=== Aim of the task ===
Could you give the listing again exactly, without its pictures?

=== Stored data ===
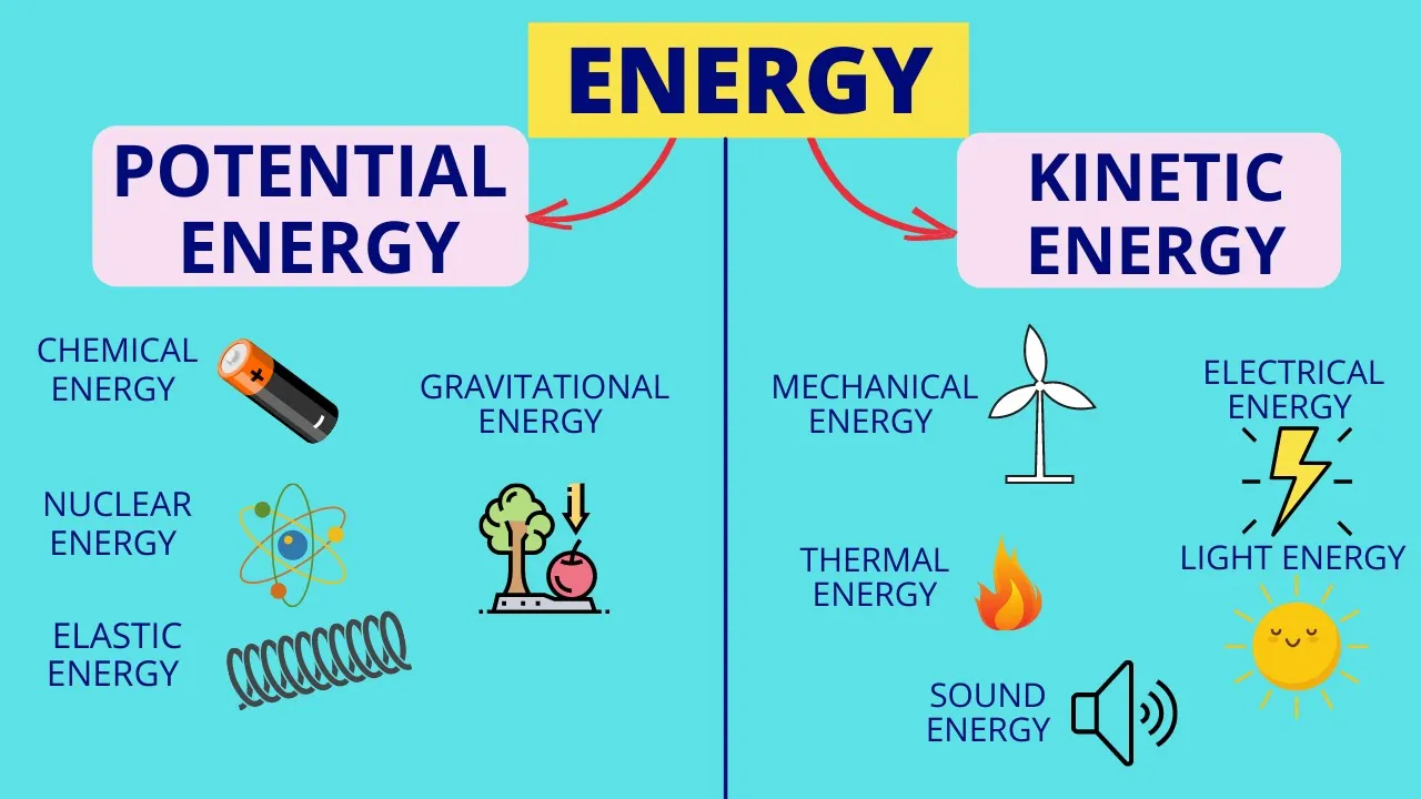 is converted to chemical energy through photosynthesis mechanical energy from a moving windmill is converted to electrical energy electrical energy is then converted to light energy so again energy is the ability to do work it is divided into two types potential energy and kinetic energy
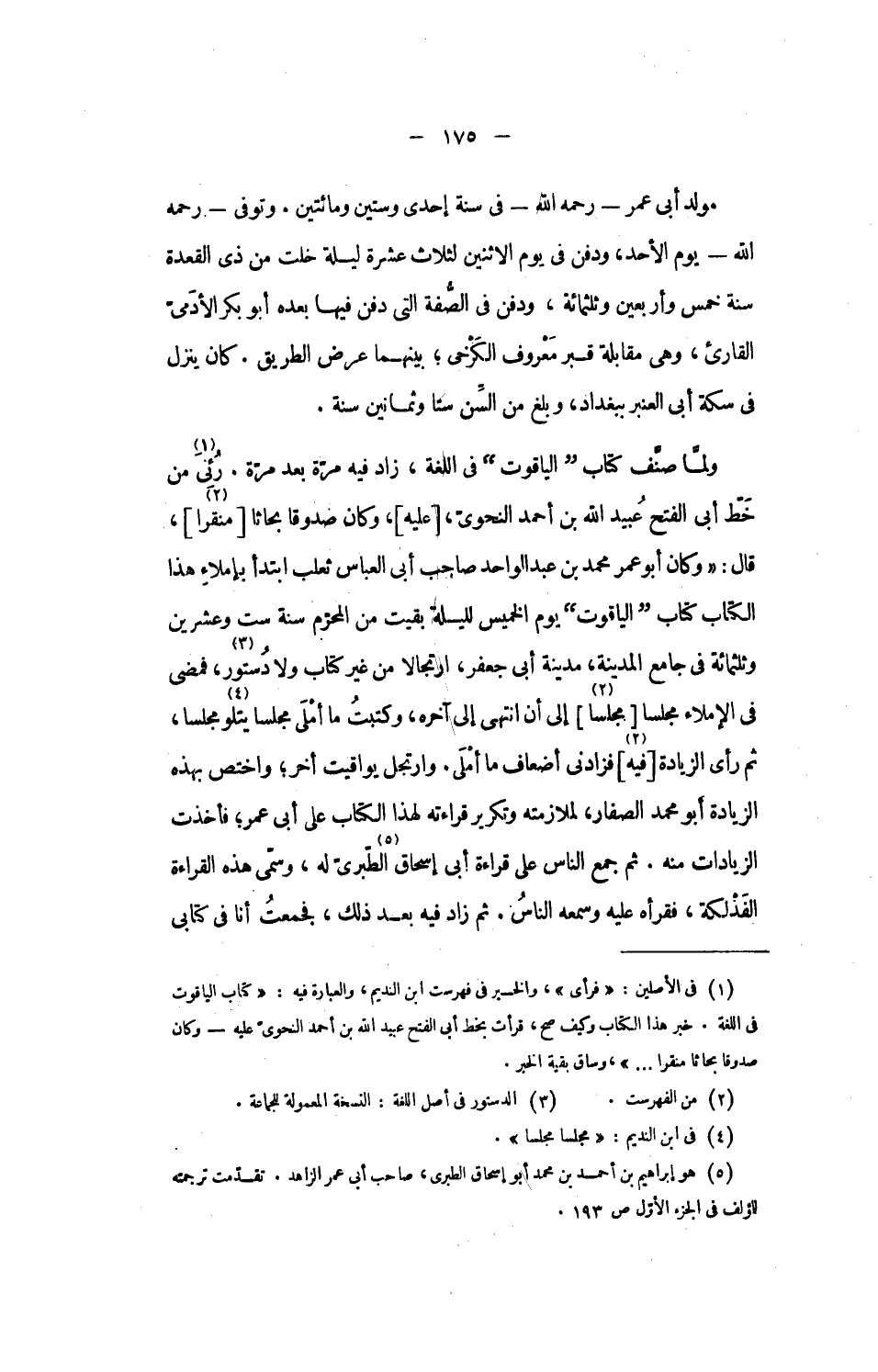ولمّا صنّف كتاب الياقوت فى اللغة، زاد فيه مرّة بعد مرّة. رئى [1] من خطّ أبى الفتح عبيد الله بن أحمد النحوىّ، [عليه]، وكان صدوقا بحاثا [منقرا [2]]، قال: «وكان أبو عمر محمد بن عبد الواحد صاحب أبى العباس ثعلب ابتدأ بإملاء هذا الكتاب كتاب الياقوت يوم الخميس لليلة بقيت من المحرّم سنة ست وعشرين وثلاثمائة فى جامع المدينة، مدينة أبى جعفر، ارتجالا من غير كتاب ولا دستور [3]، فمضى فى الإملاء مجلسا [مجلسا [2]] إلى أن انتهى إلى آخره، وكتبت ما أملى مجلسا يتلو [4] مجلسا، ثم رأى الزيادة [فيه [2]] فزادنى أضعاف ما أملى. وارتجل يواقيت أخر؛ واختص بهذه الزيادة أبو محمد الصفار، لملازمته وتكرير قراءته لهذا الكتاب على أبى عمر؛ فأخذت الزيادات منه. ثم جمع الناس على قراءة أبى إسحاق [5] الطّبرىّ له، وسمّى هذه القراءة الفذلكة، فقرأه عليه وسمعه الناس. ثم زاد فيه بعد ذلك، فجمعت أنا فى كتابى
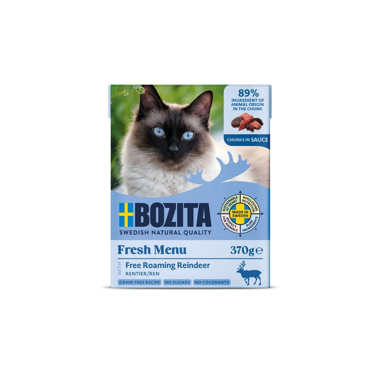 Bozita põhjapõdraliha kassitoit märgtoit on teraviljavaba ja sobib igas vanuses kassidele, pakkudes tasakaalustatud toitu ilma kunstlike värv- ja säilitusaineteta. Pakendis on 370 g maitsvat põhjapõdraliha kastmes.
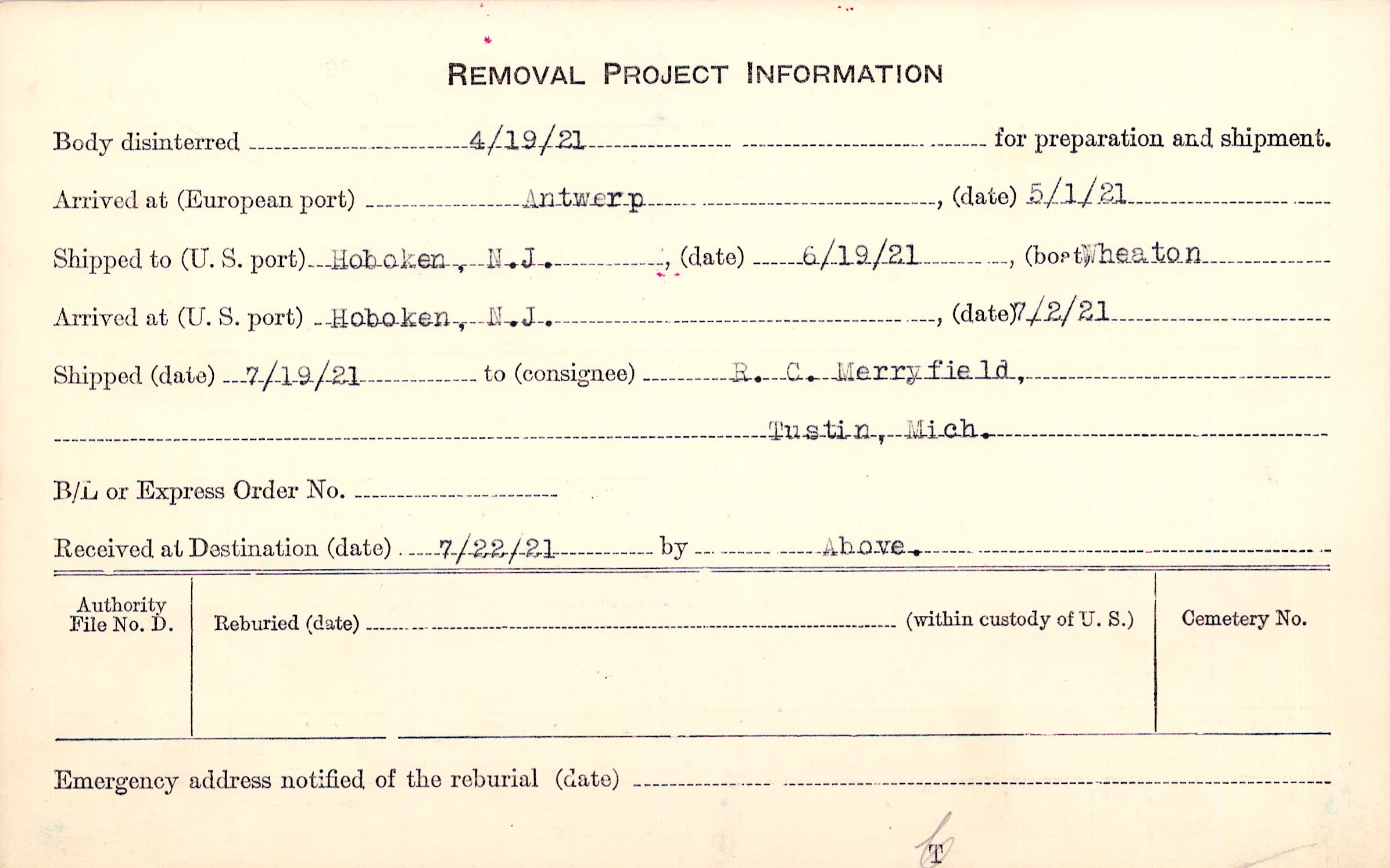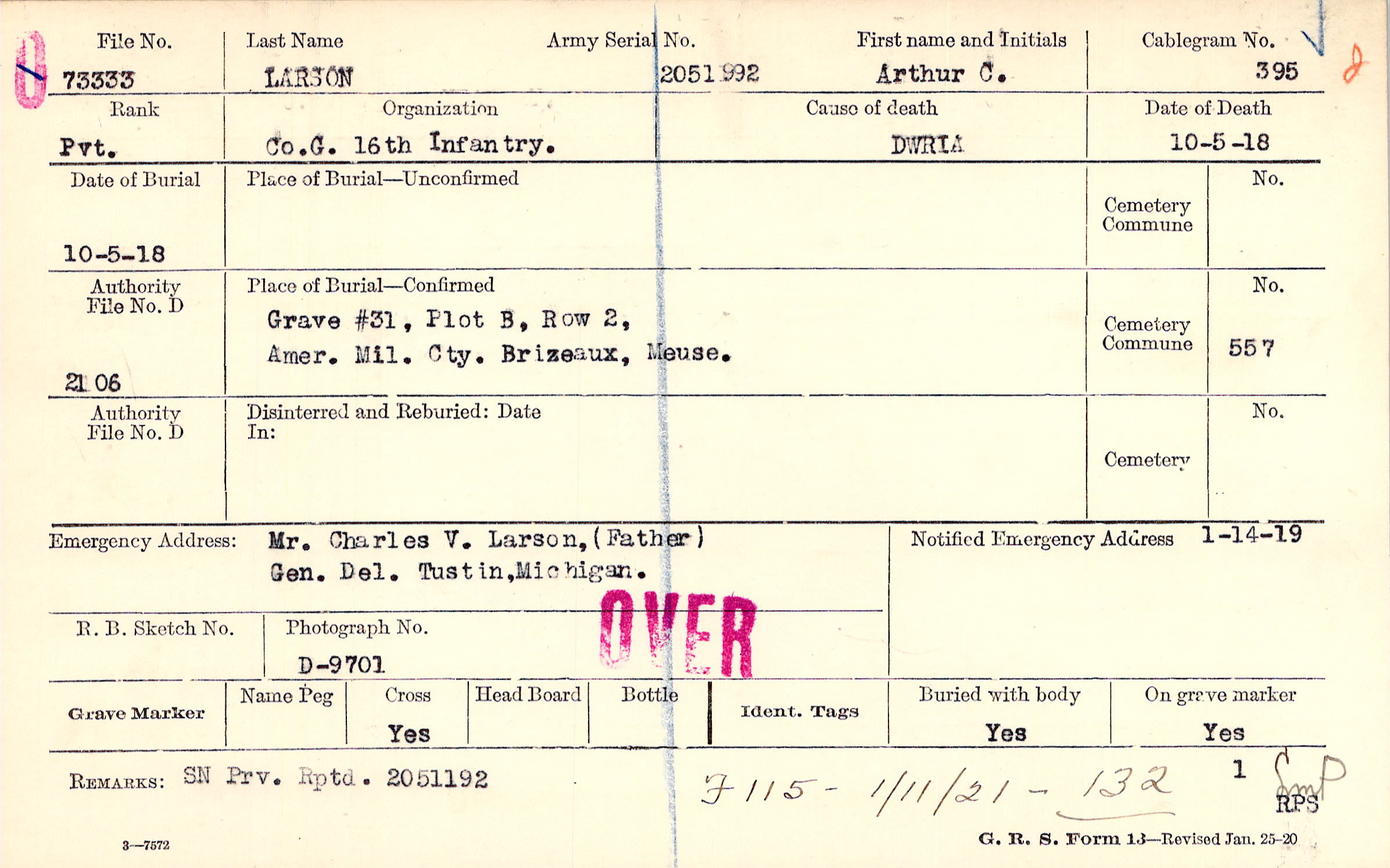 Mr. Charles V. Larson, (Father), Gen. Del. Tustin, Michigan., over

=== Solution below ===
 is converted to chemical energy through photosynthesis mechanical energy from a moving windmill is converted to electrical energy electrical energy is then converted to light energy so again energy is the ability to do work it is divided into two types potential energy and kinetic energy
ولمّا صنّف كتاب الياقوت فى اللغة، زاد فيه مرّة بعد مرّة. رئى [1] من خطّ أبى الفتح عبيد الله بن أحمد النحوىّ، [عليه]، وكان صدوقا بحاثا [منقرا [2]]، قال: «وكان أبو عمر محمد بن عبد الواحد صاحب أبى العباس ثعلب ابتدأ بإملاء هذا الكتاب كتاب الياقوت يوم الخميس لليلة بقيت من المحرّم سنة ست وعشرين وثلاثمائة فى جامع المدينة، مدينة أبى جعفر، ارتجالا من غير كتاب ولا دستور [3]، فمضى فى الإملاء مجلسا [مجلسا [2]] إلى أن انتهى إلى آخره، وكتبت ما أملى مجلسا يتلو [4] مجلسا، ثم رأى الزيادة [فيه [2]] فزادنى أضعاف ما أملى. وارتجل يواقيت أخر؛ واختص بهذه الزيادة أبو محمد الصفار، لملازمته وتكرير قراءته لهذا الكتاب على أبى عمر؛ فأخذت الزيادات منه. ثم جمع الناس على قراءة أبى إسحاق [5] الطّبرىّ له، وسمّى هذه القراءة الفذلكة، فقرأه عليه وسمعه الناس. ثم زاد فيه بعد ذلك، فجمعت أنا فى كتابى
 Bozita põhjapõdraliha kassitoit märgtoit on teraviljavaba ja sobib igas vanuses kassidele, pakkudes tasakaalustatud toitu ilma kunstlike värv- ja säilitusaineteta. Pakendis on 370 g maitsvat põhjapõdraliha kastmes.
 Mr. Charles V. Larson, (Father), Gen. Del. Tustin, Michigan., over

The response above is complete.